===== MATERIAL PROVIDED

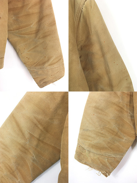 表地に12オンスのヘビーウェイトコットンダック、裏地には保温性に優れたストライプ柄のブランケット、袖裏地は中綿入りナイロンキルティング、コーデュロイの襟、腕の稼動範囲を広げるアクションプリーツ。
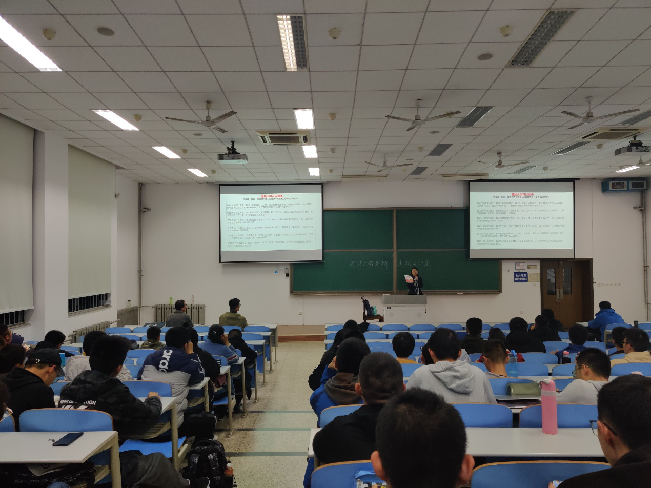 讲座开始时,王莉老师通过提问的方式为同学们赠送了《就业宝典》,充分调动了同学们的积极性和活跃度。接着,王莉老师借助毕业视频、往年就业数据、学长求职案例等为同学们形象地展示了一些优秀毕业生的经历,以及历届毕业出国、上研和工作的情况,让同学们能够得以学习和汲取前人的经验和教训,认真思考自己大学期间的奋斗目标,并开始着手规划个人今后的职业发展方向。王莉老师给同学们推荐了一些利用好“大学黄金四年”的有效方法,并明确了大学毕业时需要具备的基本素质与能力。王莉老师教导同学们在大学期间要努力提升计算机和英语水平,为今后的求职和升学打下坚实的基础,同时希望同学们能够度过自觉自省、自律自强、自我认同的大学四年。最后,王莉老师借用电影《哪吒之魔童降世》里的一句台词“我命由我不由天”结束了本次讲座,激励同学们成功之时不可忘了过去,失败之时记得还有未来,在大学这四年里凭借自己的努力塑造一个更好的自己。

==========
===== MATERIAL PROVIDED

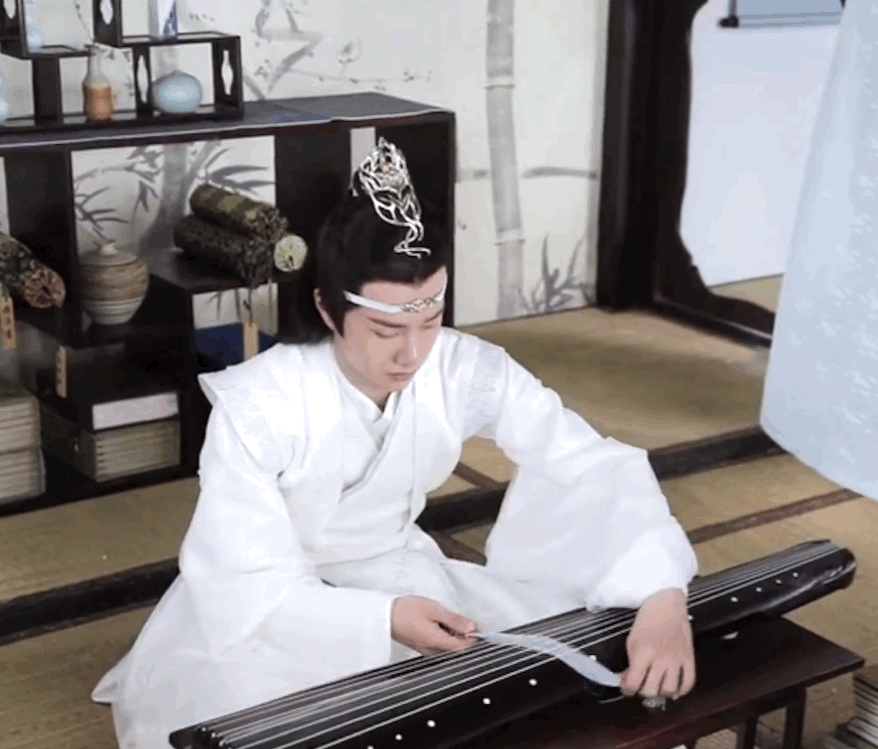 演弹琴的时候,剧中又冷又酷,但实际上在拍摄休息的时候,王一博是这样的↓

==========

▸ **WORK REQUEST**: Leaving out the pictures, please output the lines in the entries above from the one with "表地に12オンスのヘビーウェ" through the one with "讲座开始时,王莉老师通过提问", exactly as they are.

▸ **REPLY**:
 表地に12オンスのヘビーウェイトコットンダック、裏地には保温性に優れたストライプ柄のブランケット、袖裏地は中綿入りナイロンキルティング、コーデュロイの襟、腕の稼動範囲を広げるアクションプリーツ。
 讲座开始时,王莉老师通过提问的方式为同学们赠送了《就业宝典》,充分调动了同学们的积极性和活跃度。接着,王莉老师借助毕业视频、往年就业数据、学长求职案例等为同学们形象地展示了一些优秀毕业生的经历,以及历届毕业出国、上研和工作的情况,让同学们能够得以学习和汲取前人的经验和教训,认真思考自己大学期间的奋斗目标,并开始着手规划个人今后的职业发展方向。王莉老师给同学们推荐了一些利用好“大学黄金四年”的有效方法,并明确了大学毕业时需要具备的基本素质与能力。王莉老师教导同学们在大学期间要努力提升计算机和英语水平,为今后的求职和升学打下坚实的基础,同时希望同学们能够度过自觉自省、自律自强、自我认同的大学四年。最后,王莉老师借用电影《哪吒之魔童降世》里的一句台词“我命由我不由天”结束了本次讲座,激励同学们成功之时不可忘了过去,失败之时记得还有未来,在大学这四年里凭借自己的努力塑造一个更好的自己。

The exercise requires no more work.